** Opening DATASET ENTRIES block **

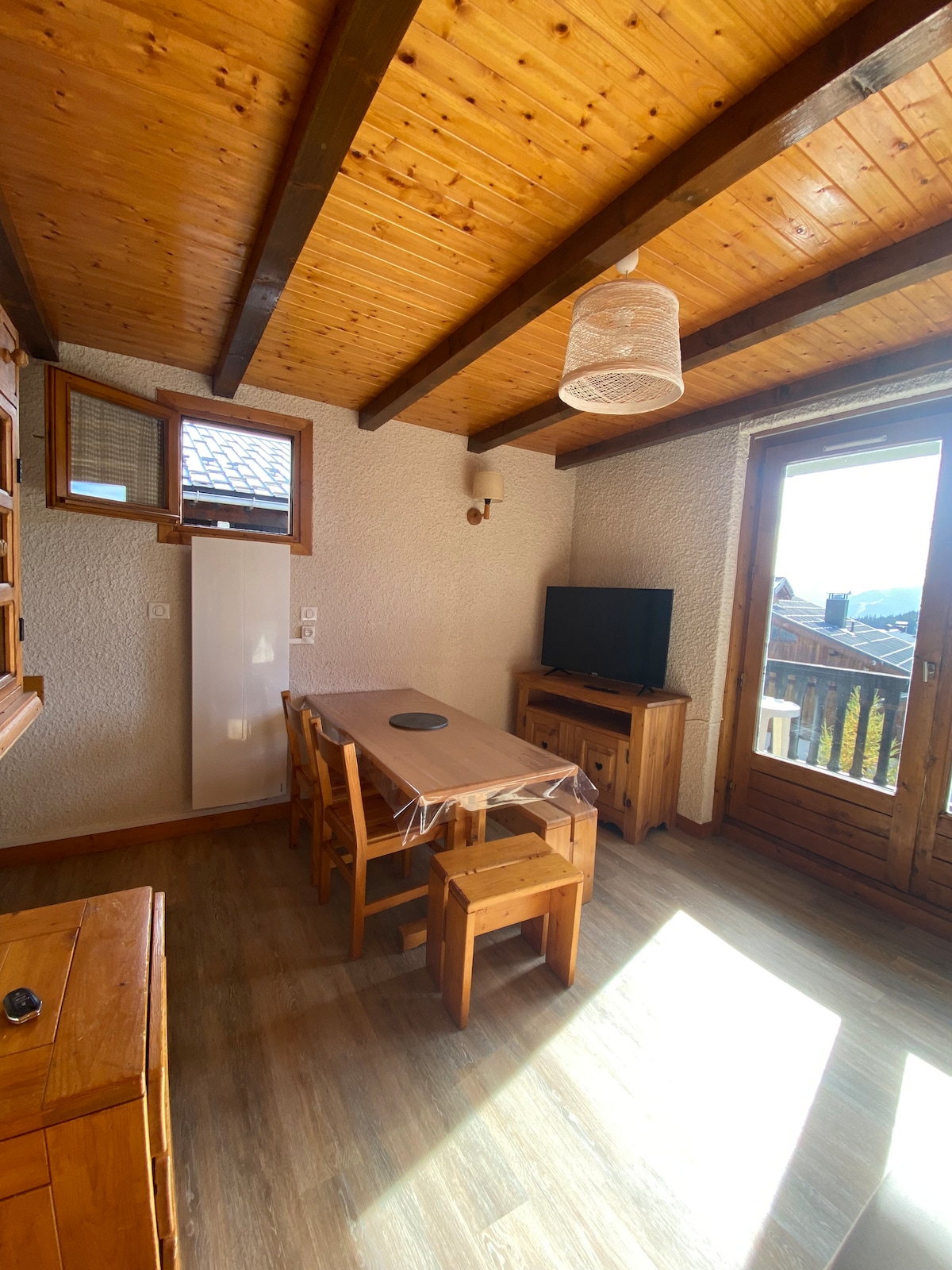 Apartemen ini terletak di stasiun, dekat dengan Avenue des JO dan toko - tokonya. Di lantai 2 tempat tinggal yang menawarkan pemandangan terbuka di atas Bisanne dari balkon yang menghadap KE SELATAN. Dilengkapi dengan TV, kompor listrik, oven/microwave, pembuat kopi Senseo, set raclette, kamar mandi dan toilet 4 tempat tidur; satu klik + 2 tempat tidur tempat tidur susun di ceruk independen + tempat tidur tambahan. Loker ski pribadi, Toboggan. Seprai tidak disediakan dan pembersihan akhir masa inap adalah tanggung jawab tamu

** Closing DATASET ENTRIES block **
** Opening DATASET ENTRIES block **

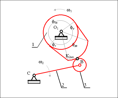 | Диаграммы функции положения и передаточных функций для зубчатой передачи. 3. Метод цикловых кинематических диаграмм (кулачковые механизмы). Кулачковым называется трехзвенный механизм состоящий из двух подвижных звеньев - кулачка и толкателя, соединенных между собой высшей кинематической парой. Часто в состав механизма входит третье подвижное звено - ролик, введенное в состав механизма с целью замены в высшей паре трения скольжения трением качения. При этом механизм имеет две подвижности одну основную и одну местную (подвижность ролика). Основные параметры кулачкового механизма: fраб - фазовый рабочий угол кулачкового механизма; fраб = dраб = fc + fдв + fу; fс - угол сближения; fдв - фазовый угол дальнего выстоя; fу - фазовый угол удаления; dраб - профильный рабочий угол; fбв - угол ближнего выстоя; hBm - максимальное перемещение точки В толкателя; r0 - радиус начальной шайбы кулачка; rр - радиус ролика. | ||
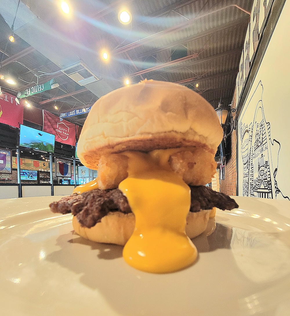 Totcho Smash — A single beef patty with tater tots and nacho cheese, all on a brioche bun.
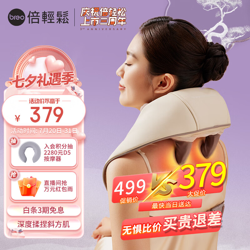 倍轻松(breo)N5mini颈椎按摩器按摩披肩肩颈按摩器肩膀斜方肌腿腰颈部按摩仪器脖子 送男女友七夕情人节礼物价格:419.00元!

** Closing DATASET ENTRIES block **

- _TASK REQUIREMENTS_
The answer is the lines of the material above, from the one containing "Totcho Smash —" down to the one containing "倍轻松(breo)N5min", given exactly and without images.

- _SOLUTION BELOW_
 Totcho Smash — A single beef patty with tater tots and nacho cheese, all on a brioche bun.
 倍轻松(breo)N5mini颈椎按摩器按摩披肩肩颈按摩器肩膀斜方肌腿腰颈部按摩仪器脖子 送男女友七夕情人节礼物价格:419.00元!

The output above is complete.